Your objective — Each line between the one holding "ALE-PATH-487 Bio fertilizer" and the end of the material below, both included, is to be transcribed word for word, with pictures left out.

Data records —

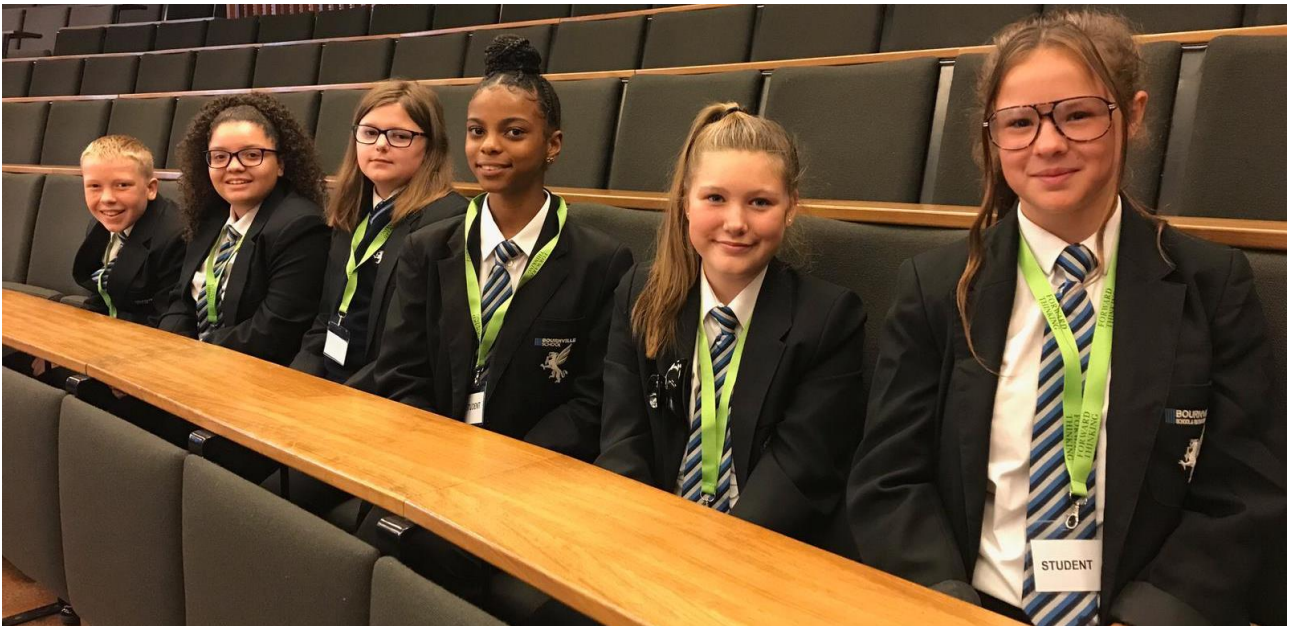
Year 9 Forward Thinking Trip
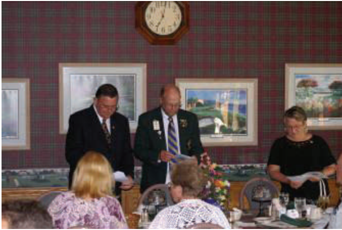
Practice Makes Perfect
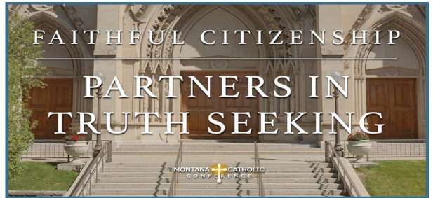
Partners in Truth Seeking, Montana Catholic Conference

In this first installment of 12-part Into Life video series, the Sisters of Life issue a profound and moving invitation to God's call to uphold human life. The Sisters reveal that authentically pro-life activity is a response to God's love, and that it is not about labels or abstract ideas. Instead, we are called to commit to authentic relationships, in which we pray, love, and listen so that we may promote the infinite dignity of life.
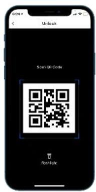
Scan QR code
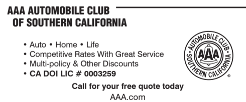
TM 15 x 6 picas
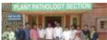
ALE-PATH-487 Bio fertilizer production College of Agriculture, Kolhapur - Bio fertilizer Unit
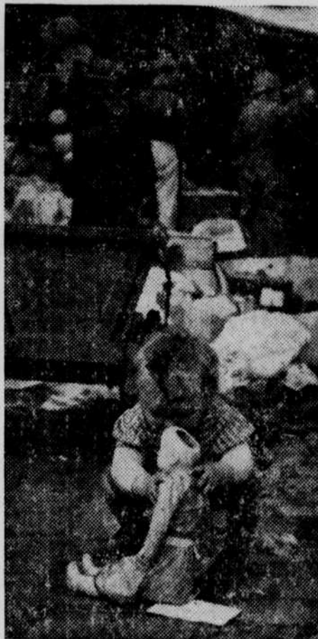
Her fatherland may be torn to shreds by Allied armies, her home may be amongst those leveled by the tide of war, but all that means little to this German child who tries to comfort her scalped doll in a Leipzig street. Liberated labor slaves are shown in background.

Answer to this problem —
ALE-PATH-487 Bio fertilizer production College of Agriculture, Kolhapur - Bio fertilizer Unit
Her fatherland may be torn to shreds by Allied armies, her home may be amongst those leveled by the tide of war, but all that means little to this German child who tries to comfort her scalped doll in a Leipzig street. Liberated labor slaves are shown in background.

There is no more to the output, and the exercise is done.